_WORK INSTRUCTIONS_.
Copy the lines below exactly, starting with the first and finishing with the one holding "(5)比例尺≤1:1亿的中国示意性地图,可不表示钓鱼岛和赤尾屿等岛屿。"; do not copy the pictures.

_Stored dataset items_.
----

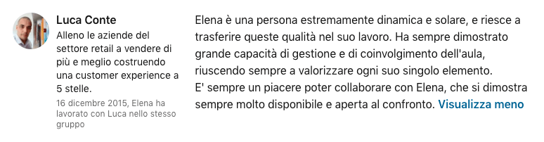 Cosa ne pensa chi ha già fatto formazione con Elena Astone…
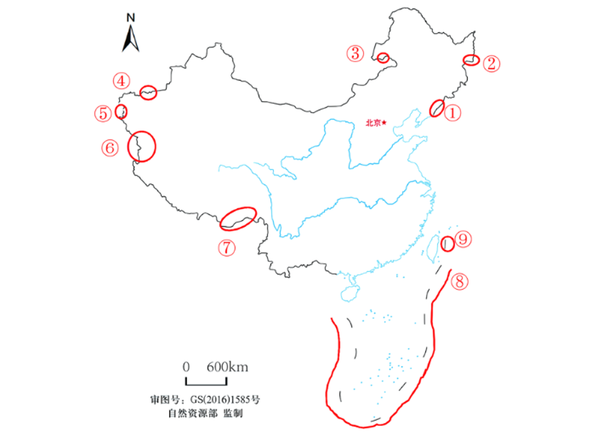 (5)比例尺≤1:1亿的中国示意性地图,可不表示钓鱼岛和赤尾屿等岛屿。
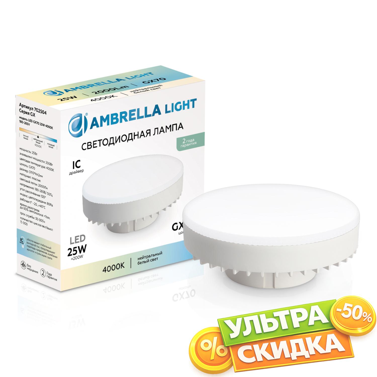 Купить 702504 LED GX70 25W IC 4000K 180-265V в интернет-магазине ЛюстраНаДом со скидкой и кешбеком. Работаем с НДС, доставляем на дом и в ПВЗ. Продажа Ambrella light 702504 BULBING осуществляется с доставкой по Москве и регионам России бесплатно от 5000 р.
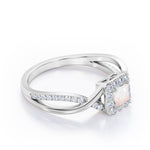 With this 1.25 Carat Princess Cut Opal and diamond - Half Crossover Pave - Halo Engagement Ring in White Gold, you can make your proposal day unforgettable. Handcrafted with care into a wonderful princess cut by our lapidary expertise, this affordable engagement ring for women combines a solid 1 carat princess cut Opal in the center with 0.25 carat sparkling diamond side stones for a total carat weight of 1.25 carat. For those looking for something a little out of the ordinary, this Opal ring for women is ideal for those who wish to express their charisma and uniqueness. With its dazzling beauty, this real Opal ring is magnificent with its adularescence and iridescence and will be an unmistakable addition to any jewelry collection. This gold Opal band ring is stunning and inexpensive, thanks to its reasonable price. This real Opal wedding ring is regarded as a symbol of your undying devotion to your partner. This cheap wedding ring can be customized to your own choice of metal colors: white gold, rose gold, black gold, or yellow gold. Your love story will be complete with this Opal engagement ring.
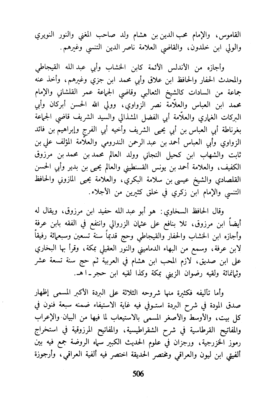 وقال الحافظ السخاوي: هو أبو عبد اللَّه حفيد ابن مرزوق، ويقال له أيضًا ابن مرزوق، تلا بنافع على عثمان الزروالي وانتفع في الفقه بابن عرفة وأجازه ابن الخشاب والحفار والقيجاطي وحج قديمًا سنة تسعين وسبعمائة رفيقًا لابن عرفة، وسمع من البهاء الدماميني والنور العقيلي بمكة، وقرأ بها البخاري على ابن صديق، لازم المحب ابن هشام في العربية ثم حج سنة تسعة عشر وثمانمائة ولقيه رضوان الزيني بمكة وكذا لقيه ابن حجر- اهـ.
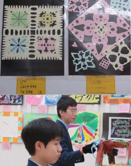 共同制作の貼り絵と美術の時間の作品が,まず目に入りました。清水の舞台は色合いも鮮やかでひときわ目立っていました。
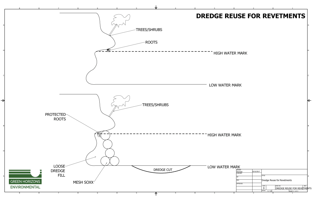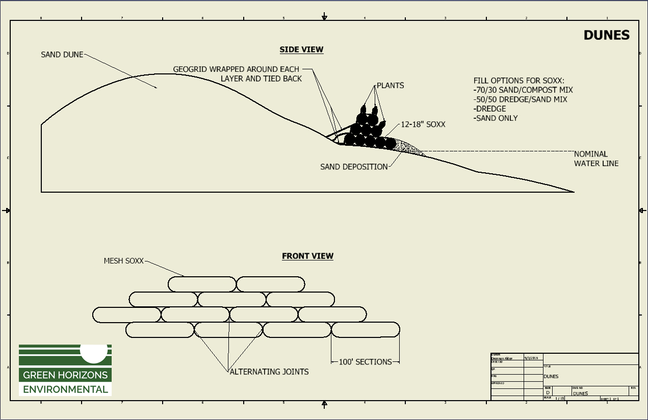 Living Shorelines are becoming more common. With the passing of recent federal regulation (American Water Infrastructure Act Oct. 10, 2018), more designs will be required along coastal areas in the US as options to traditional alternatives. Click the images below to view detailed drawings.
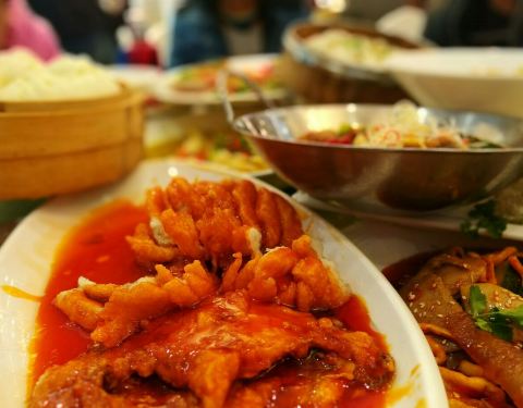 口味比较清淡,菜品非常丰富,店堂很宽敞,装修上档次,适合宴席,婚宴、寿宴的性价比不错。由于婚礼仪式时就开始上菜,而且呈上的速度过快,许多菜品还没来得及品尝就被服务员上的下一道菜遮住了,重重叠叠的满满一大桌。个人比较喜欢的是菊花鱼,花儿型漂亮,汤汁儿是西红柿勾制的荔枝味,咸甜适度,鱼肉细腻、新鲜,一个人吃了半条鱼。糯米排骨很家常、清淡。蒜蓉粉丝扇贝与白灼虾很平常,加上呈上时间长,冷了,有些腥。吃酒席我更看重美食的颜值,味道与服务倒是其次。服务员很热情,迎宾有迎有送,店面形象好。
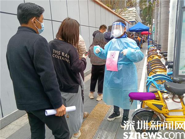 在前幾天的寒風(fēng)冷雨中,吳春艷不顧寒冷,趁孩子在家上網(wǎng)課,趕來做志愿者。在禧程酒店核酸檢測(cè)點(diǎn),她把粵核酸碼貼在胸前,在隊(duì)伍旁邊來回走動(dòng),大聲喊著,“沒有碼的來掃我!”她總是對(duì)社工說,“只要有時(shí)間,我就來幫忙。多一個(gè)人就多一份力量?!?/p>
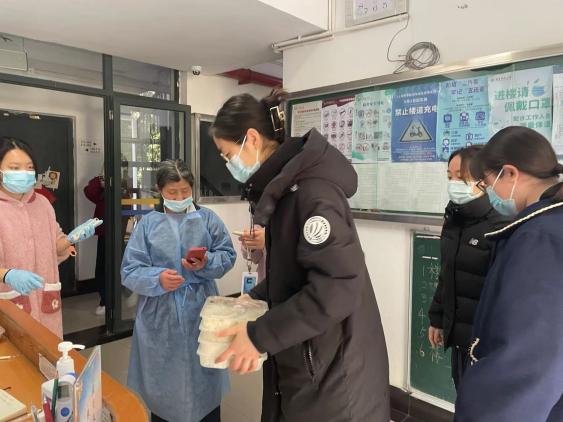 从1人到300多人逐渐壮大的“虹梅南路学生党员志愿者之家”,每层楼自发形成的楼层志愿者小分队,核酸检测、物资配送、三餐发放等多条工作线在全校师生的协同合力之下紧张有序地进行着。我作为楼层长,日常工作除了分发三餐和回收垃圾,还需要统计各种数据、清点配送物资等,帮助解决同学们的生活需求。“封楼”后的前几天,所有的事情都需要亲历亲为,但随着越来越多的楼层志愿者加入,大家根据自己的时间填写了分工表,每天到了发饭、回收垃圾的时间点时,志愿者们都会积极主动地完成任务。
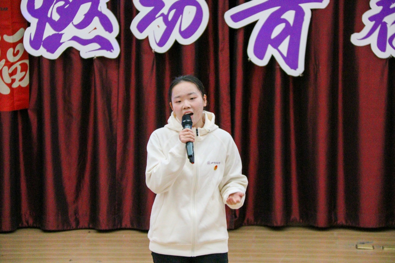 王玥然的舞蹈《山鬼》充满了神秘色彩,她用灵动的舞姿演绎了山鬼的故事,仿佛将神话中的人物带到了现实。胡钰潇、王思睿合唱《篇章》大气磅礴,唱出了青春的华章,激励着同学们在人生的篇章中书写辉煌。冯奕琦的一首《一笑倾城》轻松欢快,那甜美的歌声如同春风拂面,令人心情愉悦。

----

_SOLVED EXERCISE_.
 Cosa ne pensa chi ha già fatto formazione con Elena Astone…
 (5)比例尺≤1:1亿的中国示意性地图,可不表示钓鱼岛和赤尾屿等岛屿。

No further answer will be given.